SurfGen has the highest performance in docking and scoring compared with other methods,
e.g., GraphBP and Pocket2Mol, and can generate molecules with highly similar electron
distribution and shape to the original ligand. SurfGen's high sensitivity to pocket
structures provides an effective solution for drug resistance.
Deep learning-based molecular generation methods produce some biases related to the
ligands in the training sets, which restrict their application to data with limited
biological activity. To achieve structure-based 3D molecular design, a new network
architecture—Ligand neural network (L-Net), is used for end-to-end 3D molecular construction.[46 ] L-Net is based on a graph convolutional neural network and is trained using molecular
structures extracted from the ChEMBL database, which allows for the generation of
drug-like molecules with high-quality 3D conformations. Combining L-Net and MCTS (Monte
Carlo tree search) algorithm, DeepLigBuilder is developed to achieve de novo drug design based on target structures, which allows direct manipulation of 3D molecular
structure while optimizing the topology and 3D structure of the molecules in the binding
pocket.
Molecular design still faces many challenges.[64 ] The performances of these models may be unsatisfactory when generating a large number
of molecules with a lack of diversity.[8 ] How to synthesize strange molecules generated by AI, is an open question, and much
work has been devoted to obtaining synthesizable molecules, e.g., by selecting reactants
from commercially available compounds and constructing a synthesis route as a tree
of reaction template.[65 ] ChemistGA combines deep learning with a genetic algorithm to enhance the accessibility
and success of synthesizing molecules with desired properties.[66 ]
Artificial Intelligence Optimization of the Reaction Product and Reaction Conditions
Artificial Intelligence Optimization of the Reaction Product and Reaction Conditions
Artificial Intelligence Prediction of Reaction Outcome
Accurately predicting the outcome of organic reactions is the core of organic synthesis
in chemical drug development. Usually, this depends on the chemists' experience and
past reaction data, which is largely driven by intuition. In contrast to traditional
methods, AI algorithms can be trained with a large number of reaction precedents in
literature covering a wide range of reaction types. AI can provide possible reaction
products with a high degree of accuracy, and much faster than humans after considering
various reaction conditions and physicochemical parameters. The algorithm can be template-free,
e.g., predictions are automatically inferred from the characteristics of reactant,
reagent, and product present in the data set, i.e., looking for correlations between
the presence and absence of common chemical motifs.[67 ] In another aspect, Chen and Jung proposed a generalized-template-based GNN for accurate
prediction of organic reactivity.[68 ] The network is based on a generalized reaction template that catches organic reactivity
from the net changes in electron configuration between reactants and products.
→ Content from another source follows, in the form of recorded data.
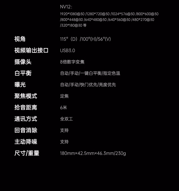 包装清单  :   皓丽视频会议摄像头 会议室摄像头 麦克风一体 4K超清数字变焦 会议专用 智能取景 视频会议设备 HC-5M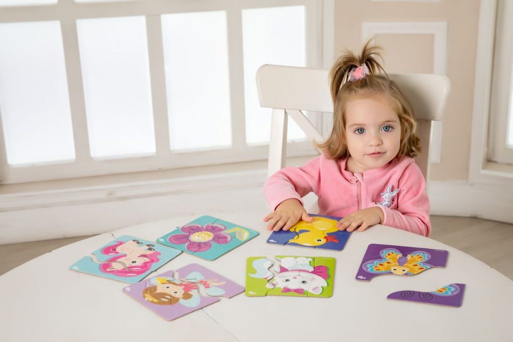 7 obrázků, 18 ks První puzzle pro batolata, 18 ks. Barevné obrázky a speciální klikaté stříhání dodávají hře více zábavy. Tato hračka rozvíjí logiku, motoriku, kreativitu a koordinaci ruky a oka. Doporučeno pro děti 1+.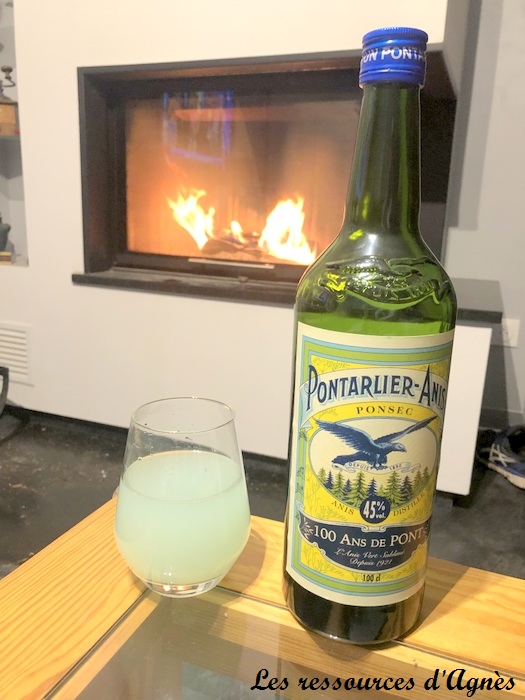 Pour ceux qui ne connaissent pas, le Sapont est un apéritif local. De la liqueur ou du sirop de sapin et du Pontarlier-Anis. Lien de la distillerie. A consommer avec modération bien sûr ! Santé !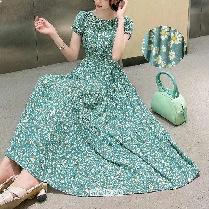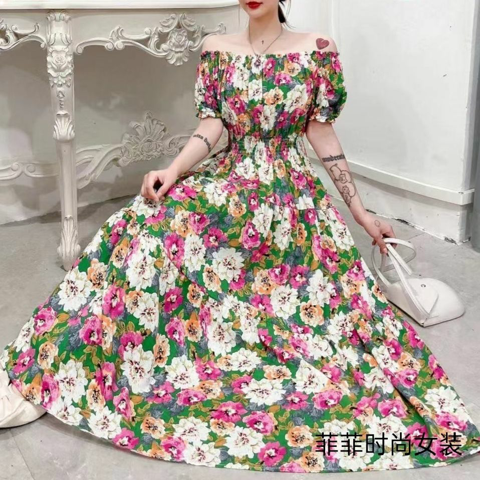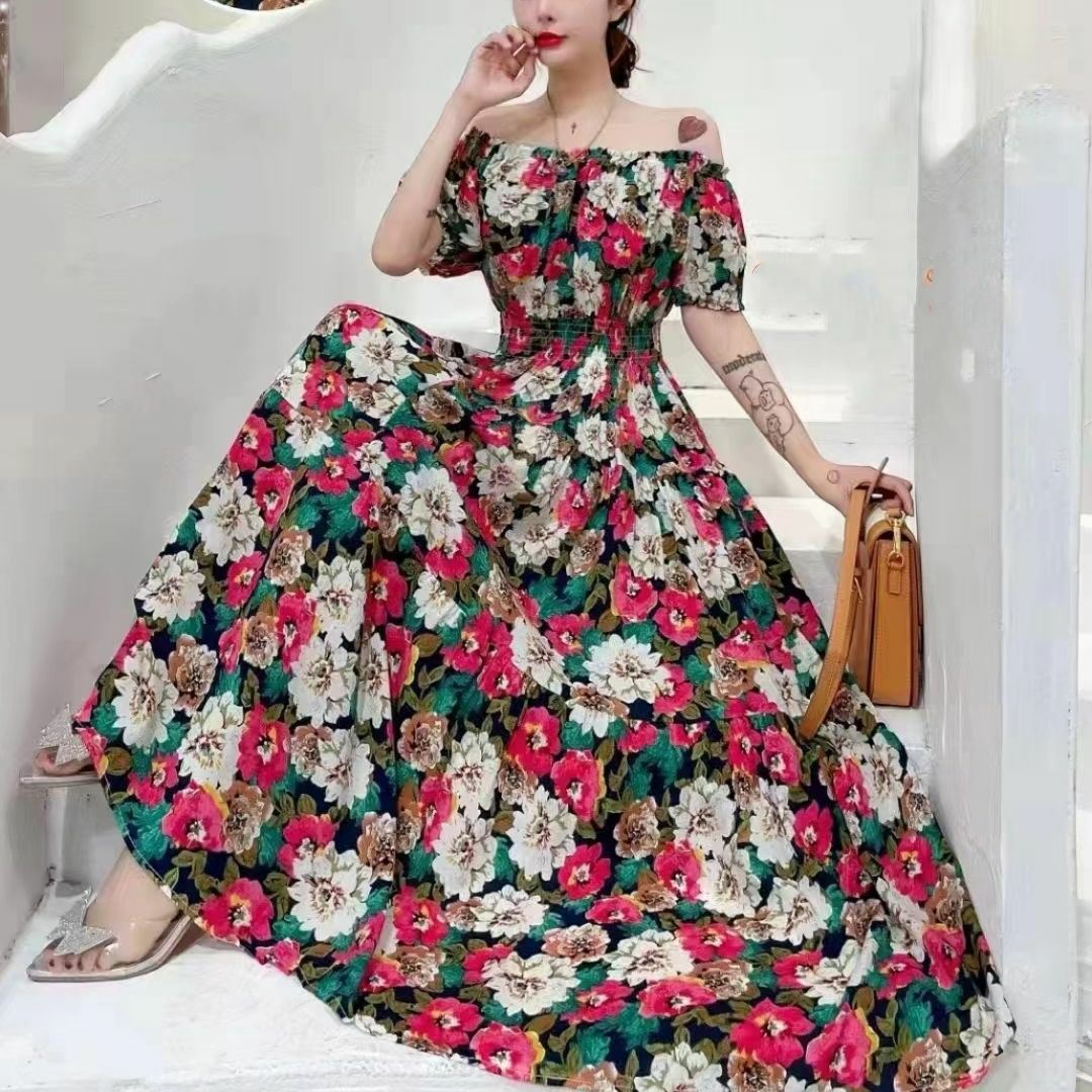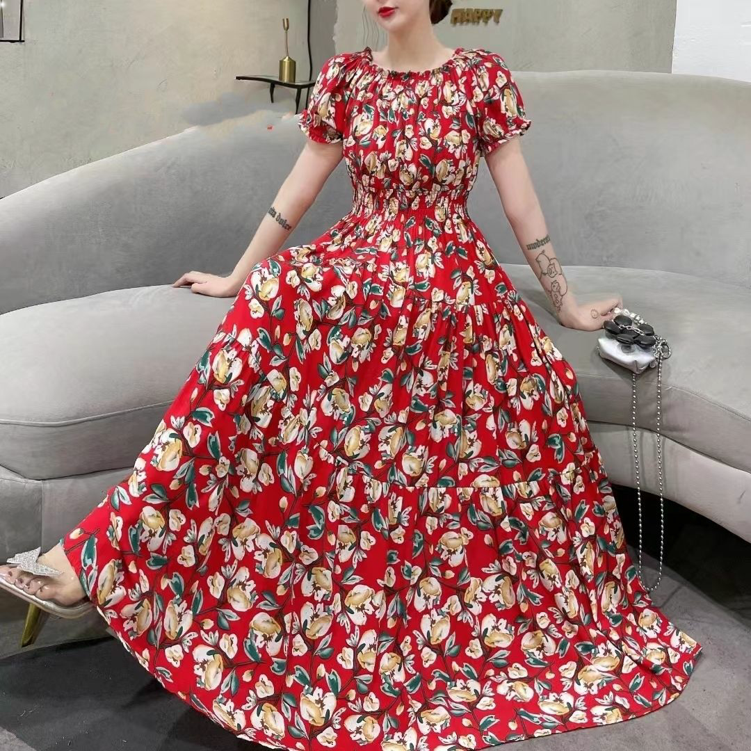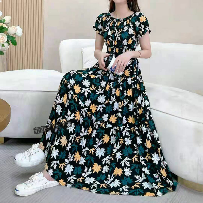 棉绸连衣裙印花裙子2023夏季新款人棉碎花裙女长款大摆裙时尚潮流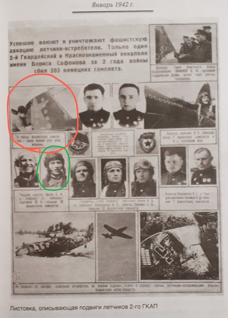 Интересно, что на этой листовке, посвященной 2-му ГвИАП, присутствует фото киля Як-1 из 20-го ИАП (обведено красным) и фото Харламова М.И. из 255-го ИАП (обведено зеленым).

The chemical structure figure provides a natural way to describe the structure of
molecules; nodes correspond to atoms and edges to bonds. Convolutional neural networks
use graph theory methods to understand chemical reactivity and predict reaction results
through graph editing. In 2019, Coley and colleagues used graph-convolutional neural
networks to predict the probability distribution of a mixture of reaction products.[69 ] As illustrated in [Fig. 2 ], the reactant molecules, including building blocks, catalysts, bases, ligands, and
solvents, are represented as atomic maps before encoding the data. Deep learning methods
evaluate the probability of chemical bond recombination, predict the most likely changes,
and generate a set encompassing all potential products through enumeration. Subsequently,
a new convolutional neural network reallocates the initially predicted products according
to the rules of the chemical valence state to establish a probability distribution.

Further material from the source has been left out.